For Bryant, whose sister is a co-owner of the cafe, the loss was more than dollars. She was insulted that the perpetrator was likely a customer or patron.

“Whoever wrecked this place, I’ve probably made them lunch or they’ve been in this establishment,” Bryant said.

At Cozy’s in Clinton, the Cook family had to fix the century-old front door and repair the phone cable. Stephanie Cook said the burglary lasted less than 3 minutes because the phone cord was not connected to the alarm, so when the thief set foot on the floor, the alarm was triggered. A few years ago, the Cooks upgraded their security system after being burglarized and losing money, alcohol and pull tabs — paper gambling cards.

But the new alarm sent the would-be pilferer into a panic, smashing through the locked front doors and breaking off the top bolt, part of the old door’s original structure.

“It’s sad, we just had the doors refinished,” Cook said, holding the snapped off bolt segment in hand.


Owners of both places declined to list exactly what was stolen or the value. At the cafe, the owners lost a change bag and decided to upgrade their security system. One of the locker units in the office was damaged, apparently by the thief prying it open. The loss was greater than the amount taken, said Freeland Cafe co-owner Petite Hunt-Bryant. After having sheriff’s deputies inspect the restaurant and gather evidence, including searching for fingerprints, the day was half through and they decided to close the rest of the Sunday during Choochokam weekend.

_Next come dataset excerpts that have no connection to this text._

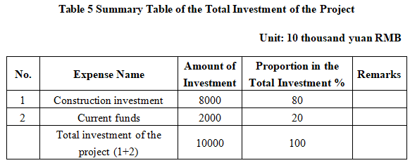 The total investment of this project is 100 million yuan, including: construction investment of 80 million yuan and current funds of 20 million yuan.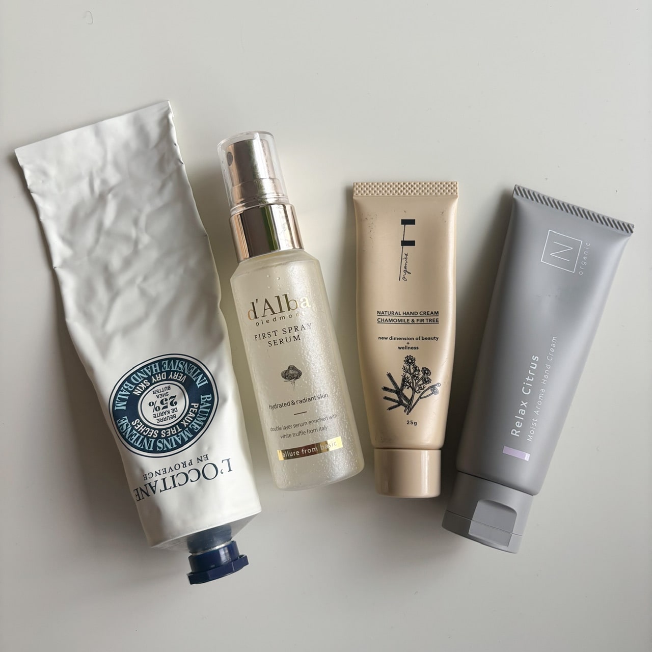 かさつく時にシュッと一吹き、かなり乾燥しているときや就寝前は化粧水後にハンドクリームを塗りました。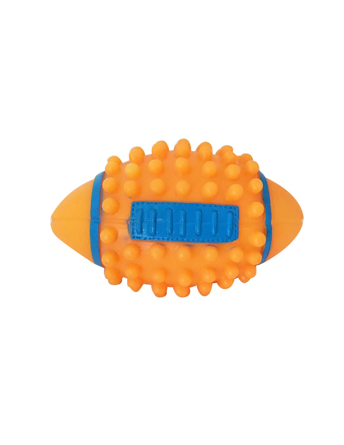 Jouet pour chien balle de rugby en vinyle avec picots.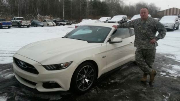 The first Mustang was delivered to Army Maj. Del Boyer, shown above. While Maj. Boyer took delivery in New York, the raffle was open to servicemembers both at home and abroad.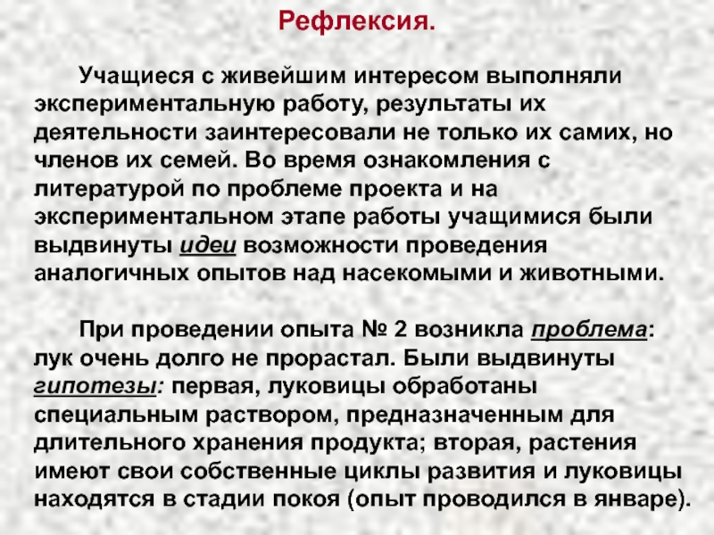 лук очень долго не прорастал. Были выдвинуты гипотезы: первая, луковицы обработаны специальным раствором, предназначенным для длительного хранения продукта; вторая, растения имеют свои собственные циклы развития и луковицы находятся в стадии покоя (опыт проводился в январе).

“Unfortunately we were down the whole day Sunday, which is one of our busiest days,” Hunt-Bryant said.

“Every day of sales is important to us,” she added later. “We have 20 employees.”

Stephanie Cook, who owns Cozy’s with her husband Troy, said they replaced the door and upgraded their window security. But by and large, she said their alarm system worked and scared off the would-be thief from ransacking the restaurant. She was alarmed, however, by the forethought someone put into the crime.

“It’s not the normal crackhead that thinks, ‘Hey let’s get a drink at 3 a.m.,’ and that’s scary,” she said.

The Eagles Aerie in Freeland suffered a pair of similar break-ins. The social club off Highway 525 lost cash and alcohol in addition to property damage. Its security was fully disabled, and the burglar made of with thousands of dollars and did a few thousand dollars in damage.

The club was the subject of a break-in earlier this year in February, though the alleged thief was apprehended thanks to video surveillance.

“They’re getting in fairly easily through very poorly locked doors and windows, whether they’re kicking it in or using a flatbar to open the lock or the window isn’t secured,” said Island County Sheriff’s Office Sgt. Laura Price, who is handling most of the commercial burglaries on South Whidbey. “Go around and look at your security. Cameras are invaluable.”

All of the commercial burglaries are still under investigation by the Island County Sheriff’s Office. Price said her office has a suspect in mind but does not have enough evidence to make an arrest.

Finding a reason for the break-ins was common for the owners and victims of larceny. They pointed to the economy, people without work and rising drug use on Whidbey.

“Unfortunately, it’s desperate times,” Hunt-Bryant said. “In our whole 40 years here, we haven’t had a break-in like this.”

Later, she added: “The island is a whole different animal now. We used to not lock our doors.”

“The reality is we have a lot of drug use, and it’s a problem,” she said.

Price gave a similar reason for why someone is targeting restaurants and places with alcohol - that it feeds someone’s lifestyle.

Several years ago, a rash of commercial theft occurred in the Freeland area. Sheriff Mark Brown recalled meeting with business owners to discuss the problem and what could be done. He said he wasn’t sure a similar meeting was necessary, citing an unfamiliarity with the current South Whidbey burglaries. But Price said she would contact the chambers of commerce to speak with business owners about how to identify security weaknesses and improvements.

“We would be very happy to meet with business owners through the chambers to talk to them and explain to them what we’re seeing,” she said.